I would avoid the Queens Blvd subway because it is either really overcrowded, or takes forever even for the express train, not to mention you get seats and luggage racks on the railroad.


----------



## nti1094 (Feb 15, 2017)

Oh and download the MTA official LIRR app for your phone because you can buy and display your ticket right on your phone. Also it gives real-time arrival feeds.


----------



## v v (Feb 17, 2017)

PVD, checked for games for the end of March, there's one on the 29th and one on the 31st, we are there on the 30th !

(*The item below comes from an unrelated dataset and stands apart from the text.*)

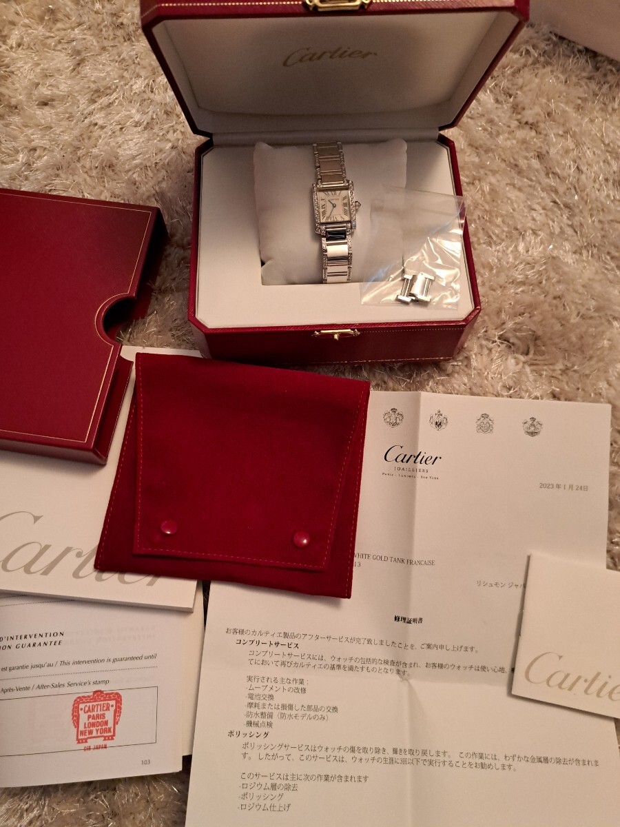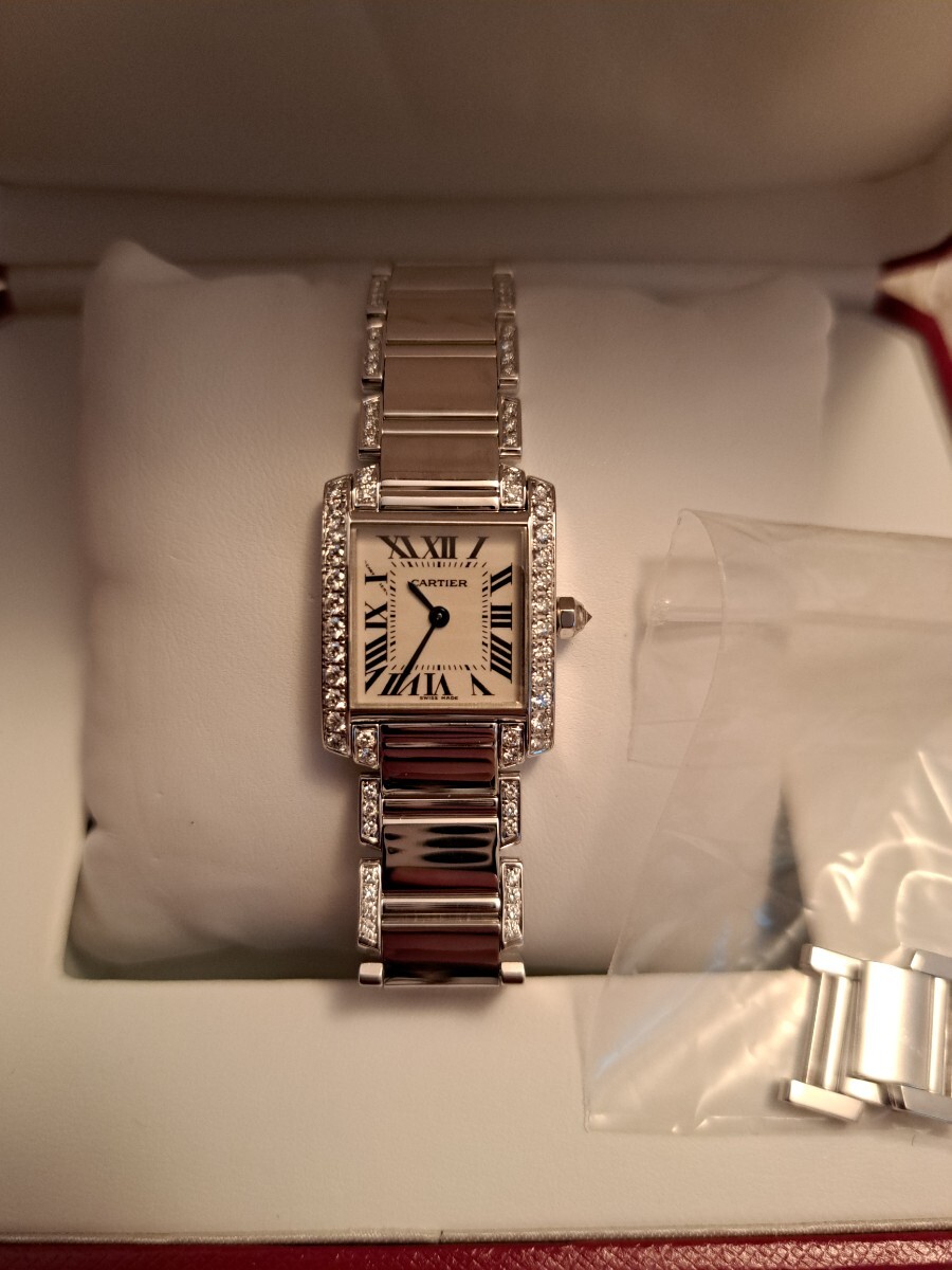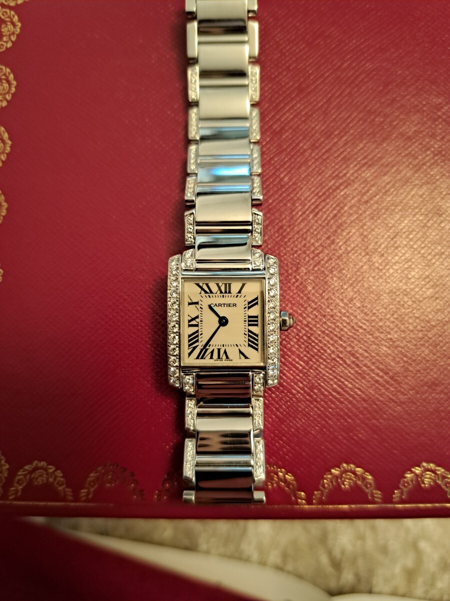 ★★★カルティエの永遠のベストセラー、タンクフランセーズSMホワイトゴールドのこちらはブレスにもダイヤが入った大変美しいジュエリーウォッチです。もちろんアフターではなくカルティエの最高のダイヤモンドが施されており会う人の視線を釘付けにする逸品でこちらの時計一つで他のジュエリーは不要です。ブレスには目に見える範囲にダイヤが入っております。購入後10回程度の使用ですが昨年カルティエにてオーバーホールを完了しており新同の状態です。現行16センチくらいの腕回りですが余りコマが付属しますので17,5位までサイズ調整可能です。リサイクルショップで持ち主が何人かわからないお品でなく私が購入し大切にメンテをして保管しておりましたのでご安心の上ご検討下さいませ。現在は廃盤で定価は不明ですが購入時で470万ほどでしたので現行で同タイプでしたら700万くらいするかと思います。高額品に尽き信頼頂ける方、信頼できる方に是非ご検討いただきたいお品です。

On arriving at NYP we'll leave our checked bags at the station, check in another one and take a 2 or 3 hours stroll around Manhattan during the afternoon. Eat close to the station in the early evening waiting for the 8pm deadline to get on the LIRR. Hope to manage to buy a combined LIRR and AirTrain ticket from a green machine or window, thanks for all the help.


----------



## doodaa (Feb 17, 2017)

Hi

Im from the UK, usually visit the US every 2 years or so, I always flight into JFK, and get the air train and LIRR to Penn Station and stay in a hotel around there The New Yorker Last time, I'm usually getting Amtrak in the next day or so, and the same on return, Amtrak in to New York, and then LIRR and Air train to JFK.
On return Ive usually got 2 cases to deal with only had trouble at Penn Station once where the lifts and escalators were both broken to the platform I wanted. At Jamaca the lifts are at the far end of the platforms, so aim for the front of the train, once up its all level until your JFK terminal.

As for food around Penn station Ive eaten at Track raw bar in the station it self on the lower level near the LIRR tickets, The Tick tock dinner, which is part of the New Yorker Hotel on the corner of W34th and 8th, and the Skylight Dinner another block down W34th

Steve


----------



## tp49 (Feb 18, 2017)

doodaa said:


> At Jamaca the lifts are at the far end of the platforms, so aim for the front of the train, once up its all level until your JFK terminal.


This is a great point and apologies to the OP for me not thinking of it. The access to the Airtrain is at the east end of Jamaica station. Now for the unindoctrinated the "front" of an eastbound LIRR train is always at the 7th Avenue end of Penn Station (the area where all the manned LIRR ticket windows and the 1,2,3 Subway are) with the rear at the 8th Avenue (A, C, E Subway) end.


----------